TRY IT: Would you please repeat exactly the entries below, starting at the line with "Katarzyna Kemska's IxDF" and ending at the line with "- 在不影響觀看質(zhì)", and nothing outside that range? Leave out the pictures.

(DATA EXTRACTS)

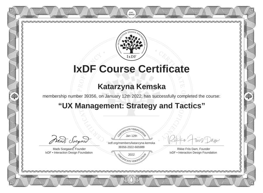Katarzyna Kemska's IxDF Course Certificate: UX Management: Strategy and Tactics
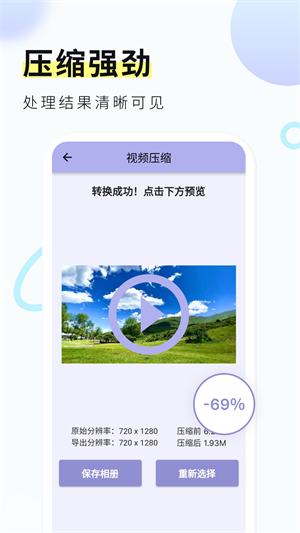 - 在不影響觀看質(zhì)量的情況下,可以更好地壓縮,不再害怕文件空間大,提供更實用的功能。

(End DATA EXTRACTS)
(DATA EXTRACTS)

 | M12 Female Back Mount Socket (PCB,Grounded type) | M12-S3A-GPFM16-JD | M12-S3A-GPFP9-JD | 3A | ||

(End DATA EXTRACTS)
(DATA EXTRACTS)

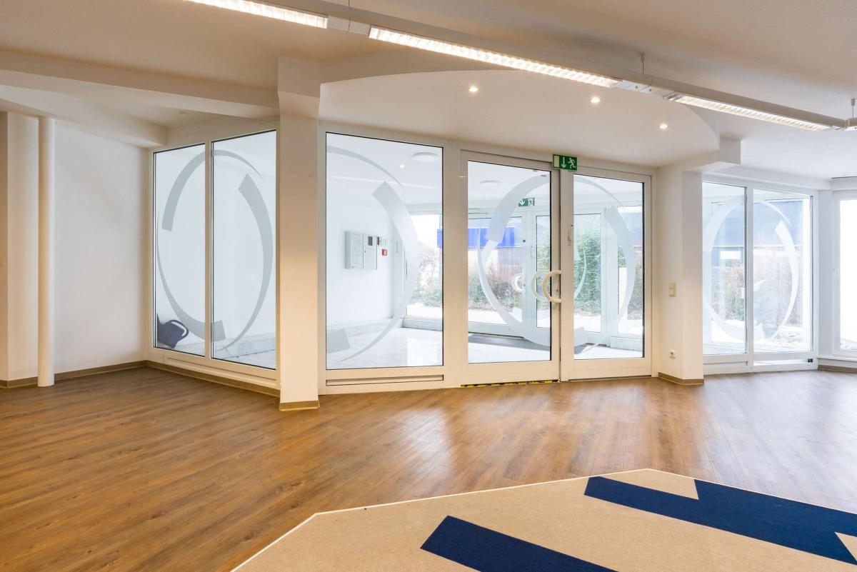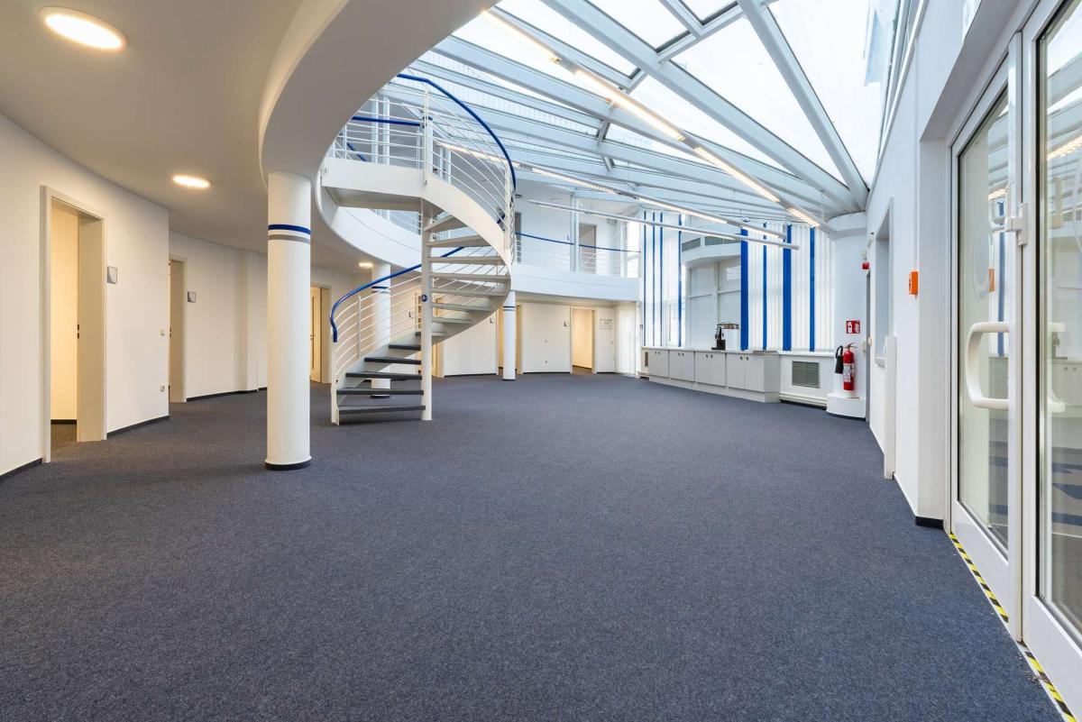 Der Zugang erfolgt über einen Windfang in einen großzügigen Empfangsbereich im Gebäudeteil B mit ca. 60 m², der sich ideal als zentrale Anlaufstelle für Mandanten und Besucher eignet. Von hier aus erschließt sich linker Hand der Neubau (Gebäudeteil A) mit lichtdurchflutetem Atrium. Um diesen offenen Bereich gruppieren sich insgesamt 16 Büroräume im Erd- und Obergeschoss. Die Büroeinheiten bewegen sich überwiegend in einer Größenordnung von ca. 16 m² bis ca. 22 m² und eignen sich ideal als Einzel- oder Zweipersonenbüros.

(End DATA EXTRACTS)

ANSWER FOR THE TASK:
Katarzyna Kemska's IxDF Course Certificate: UX Management: Strategy and Tactics
 - 在不影響觀看質(zhì)量的情況下,可以更好地壓縮,不再害怕文件空間大,提供更實用的功能。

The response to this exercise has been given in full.